Chasm has <a new release> :tada: The focus of thi...
# webassembly
c
Chasm has a new release 🎉 The focus of this release is largely performance, and its quite significant. I can give a bunch of benchmarks but the easiest way to explain the difference is the time chasm takes to pass the official wasm testsuite. This testsuite has thousands of wasm binaries and hundreds of thousands of tests, previously this took around 8 minutes on the JVM and now chasm completes the testsuite in around 6 seconds. Blog post coming soon with details for those interested. Performance will continue to be the focus ahead of the 1.0, as theres still some low hanging fruit I’d like to tackle before then. Also this release includes 2 of the 3 phases needed for the threads proposal, meaning you can decode and validate modules with the threads proposal bytecode. Native will use a small rust library to do actual atomics whilst JVM will probably emulate atomics with fine grained mutexes. Unfortunately androids support for VarHandle is very recent and the JVM has no other means of performing atomics at arbitrary memory addresses. Anyways execution phase will come in the next release Under the hood chasm now uses the previously mentioned rust library to manage memory on native platforms, this library leverages mmap and thus is able to page memory in on demand rather than allocating it up front. This also unlocks a bunch of future optimisations like the use of guard pages. In order to integrate it I built a small gradle plugin that consumes static libraries from a url (I use github releases), its really trivial but I found it to be useful in keeping the rust project, its toolchain and sources out of my kmp project. This is the last release before the year ends, if you get some time over the holidays give chasm a spin and let me know your thoughts.
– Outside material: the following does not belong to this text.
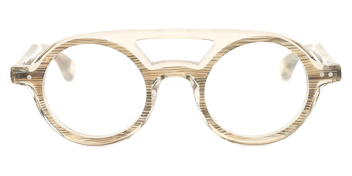 BARRAGAN Eyeglasses by Blake Kuwahara. Color: Midnight, Shale, Taupe, Size: 45-25-140. Distinctly modern and undeniably stylish, the BARRAGAN eyeglasses reinterpret the aviator shape with a fresh, contemporary twist. Made from the finest Japanese acetate, this model is both durable and light, ensuring all-day comfort. The outer contour is available in soft tones like shale and taupe, as well as bold options like black and tortoise. The inner outline and upper half of the bridge offer an airy, transparent contrast, making the BARRAGAN a sophisticated choice for those who dare to be different.

Next year we 1.0 and then its on to the component model 😬
👍 10
👍🏾 1
e
accessing
sun.misc.Unsafe::compareAndSwap*
like older desktop JVMs should work on Android
c
So unsafe has a few problems 🥲 It doesn’t support all the atomic operations I need for wasm but aside from that its being removed in future releases of the JVM now that safe alternatives are available. I guess I could do some sort of multirelease jar but I’m not sure ART would be able to work with that and its just a ballache. I might try to just use JNI bindings or Panama to bind my rust lib in the future, but for now its not a major priority
m
I am wondering how iOS support is going to work. If Apple doesn’t allow Java on iOS why is WASM via chasm supposed to work then?
e
says who? you can ship your own Java VM on iOS, and WASM is much simpler
m
The problem seems to be the JIT. See, e.g., https://github.com/LuaJIT/LuaJIT/issues/1072 Probably this is the reason why there is no official JDK for iOS. If you fully interpret the bytecode or use an AoT compiler then it’s doable. I am just not sure into which category chasm falls.
e
there are a number of non-JIT interpreters for Java, including Zero within HotSpot
m
Yes, that’s the sentence that I had in mind: This is due to the fact that Apple does not allow dynamic code generation on iOS ARM platforms. This restriction prohibits using the Hotspot dynamically generated template interpreter since it is generated at runtime.
e
I'm refuting your statements above. interpreter-only mode is configurable in Oracle OpenJDK and there is an official OpenJDK iOS port. iOS doesn't ban it or other interpreters as long as they follow other restrictions as well (no direct API access, no arbitrary downloaded code). there are iOS apps shipping now with Java or WASM runtimes. Chasm is not a JIT.
c
Virtual machines like the JVM or V8 which is what chrome uses to run JS/Wasm typically have “tiers” of execution. The first tier is always an interpreter, call it Tier 1, then Tier 2 would be a Baseline JIT, Tier 3 a slow optimising JIT then Tier 4 AOT etc. All Tiers aside from Tier 1 require you to “generate code” , the problem with this in mobile applications is that your app cannot mark a page of memory it creates as executable, so those tiers are not possible given the mobile sandbox. Tier 1 is always possible and as @ephemient pointed out you can typically specify how you want the VM to execute. Chasm only includes tier 1 for now
m
@Charlie Tapping Thanks for the clarification. That’s what I wanted to know. To complete the picture, AOT would also be possible if done at build time and not on the device (or would that already be called Tier 5?)
e
The first tier is always an interpreter
not always; V8 didn't have one before https://v8.dev/docs/ignition, its lowest tier was the baseline JIT. and as WASM was designed for compilation, most implementations (https://v8.dev/docs/wasm-compilation-pipeline https://firefox-source-docs.mozilla.org/js/index.html#wasm-baseline-rabaldrmonkey) don't have an interpreter either, they only have tiers of compilers. as far as I know, of the major implementations, only wasmtime is working on an interpreter https://github.com/bytecodealliance/rfcs/blob/main/accepted/pulley.md
(but aside from WASM, most VMs have a baseline interpreter)
@Michael Paus
AOT would also be possible if done at build time
AOT to what? Chasm doesn't produce code, it's an interpreter
@Charlie Tapping I see that you are using
ByteArray
for linear memory on JVM. I'm not seeing what parts of the WASM threading spec you can't implement with
Unsafe
? they should all be implementable by
Unsafe.compareAndSwap
even if you have to use a wider type, e.g.
Copy code
private val unsafe = Unsafe::class.java.getDeclaredField("theUnsafe").apply { isAccessible = true }.get(null) as Unsafe
private val baseOffset = unsafe.arrayBaseOffset(ByteArray::class.java)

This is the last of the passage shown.